The practice of decision analysis is based not only on the pioneering contributions from probability, decision theory, and systems engineering, but also on the insights provided in the last few decades by cognitive psychologists. These professionals have sensitized us to the types of mistakes people make in thinking about decisions, which can be as subtle as making decisions based on percentages rather than absolute amounts. The cognitive biases to which we are all subjected must be recognized both in providing the inputs to a decision analysis and in appreciating the necessity for formal analysis in complex decision situations.
The analysis of the decision can be carried out using any of several tools, such as those shown in Figure 3–4. Examples are shown later in the report Only a few are illustrated here. The decision analysis cycle depicts the overall iterative nature of the formulating, analyzing, and learning process.

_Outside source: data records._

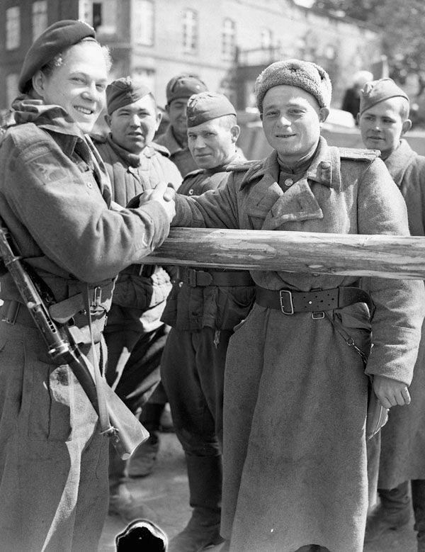 "На початку травня 1945-го, із заходу в напрямку міста Вісмар просувались частини британо-амеріканської коаліції. Здолавши слабкий опір Германських військ в районі містечка Гадебух, 2-го травня союзні частини зайняли Вісмар. Того ж дня зі сходу в місто війшли частини другого Білоруського фронту під командуванням маршала Рокоссовського.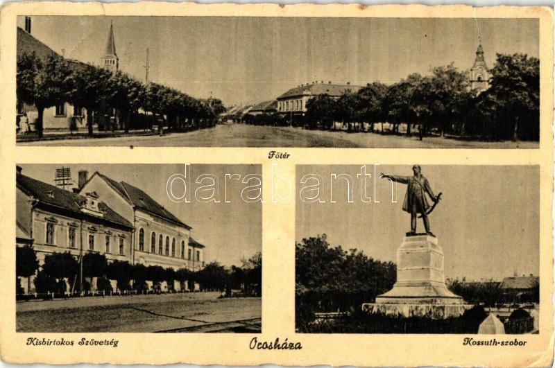 Orosháza, Fő tér, Kisbirtokos Szövetség, Kossuth-szobor (EK) https://www.darabanth.com/de/257-Fernauktion/257.0/Ansichtskarten/Ungarn~400010/Oroshaza-Fo-ter-Kisbirtokos-Szovetseg-Kossuth-szobor-EK~II1241443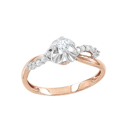 Кольцо из красного и белого золота 585 пробы с бриллиантами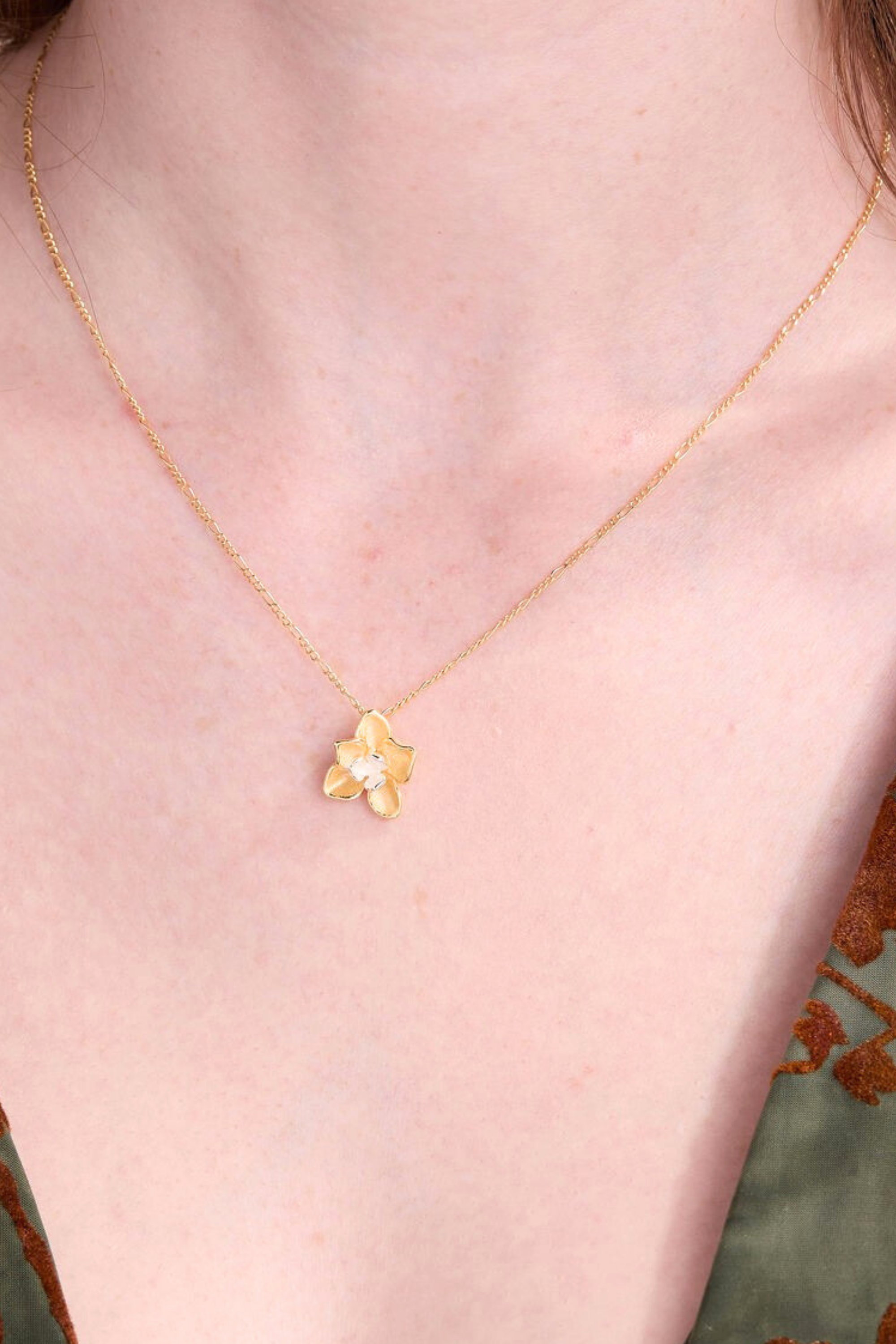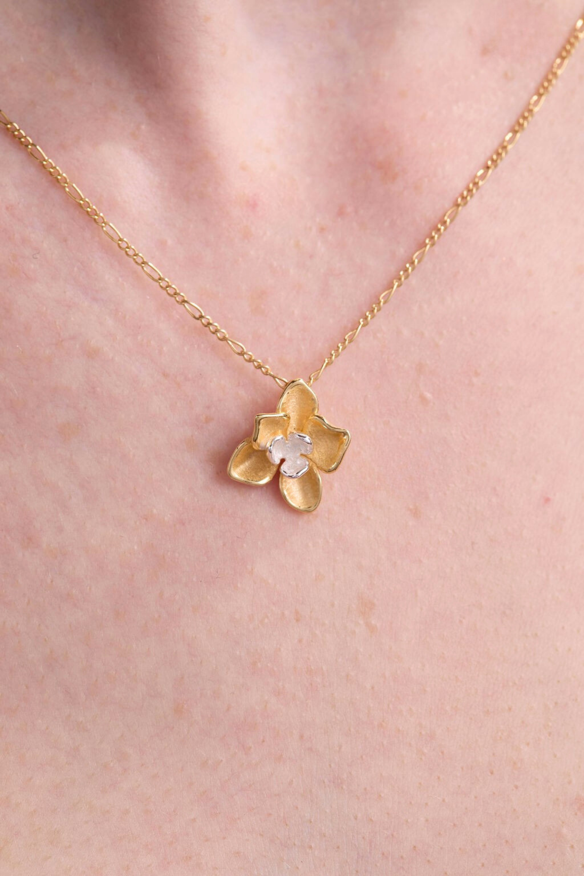 The Daffodil Gold Necklace features a radiant golden bloom with a bright silver center, suspended on a delicate gold chain. As the first flower to bloom each spring, the daffodil symbolizes new beginnings and fresh starts.

Figure 3–5 shows a simple influence or decision diagram for a simple decision. A rectangular box represents a decision node, an action under the control of the decision maker. Ovals represent uncertainties or, in some cases, calculations. Finally, hexagons represent the value node, with inputs showing what the decision maker values. Arrows into any node show what its value depends on, either functionally or in the sense of conditioned probability. Arrows into decision nodes show what is known when the decision is made.
In the sample decision diagram in Figure 3–6, note that the manufacturing cost will be known only when the price decision has been made. Such diagrams have important properties. First, at the level of relation, they reveal the logical structure of the problem in a way that allows nontechnical people to understand and contribute. Every relevant thought should have a representation in the diagram. However, decision diagrams are more than useful graphics. When each decision in the diagram is properly specified, the decisions can be processed directly by a computer to yield the best overall decision. This method can calculate the value of information regarding any uncertainty and can also illustrate many of the sensitivities for a preferred course of action. Decision diagrams also serve as an important communication link among those involved in the decision.
Another valuable idea is a form of sensitivity analysis known as the tornado diagram because of its shape. Figure 3–7 illustrates for a particular strategy how the net present value of the final decision implementation changes as each uncertainty ranges from a low to a high value. A low value is defined as one with a very high probability of being exceeded, a high value as one with very low probability of being exceeded. The effect on net present value for each factor is ordered in decreasing range of
impact to produce the tornado shape. This diagram quickly demonstrates the effect of each uncertainty for a given alternative. A series of tornado diagrams would show engineers at all levels of the design process the economic implications of their decisions.
A useful guide in assessing decision quality is the spider diagram shown in Figure 3–8. Here the state of quality in each of the six elements can be plotted as a percentage and then connected to form a web. In this diagram “100 percent” does not represent perfection but rather a situation in which further improvement would not be economical. The result of such an assessment is knowledge of where, if anywhere, to direct additional analysis effort.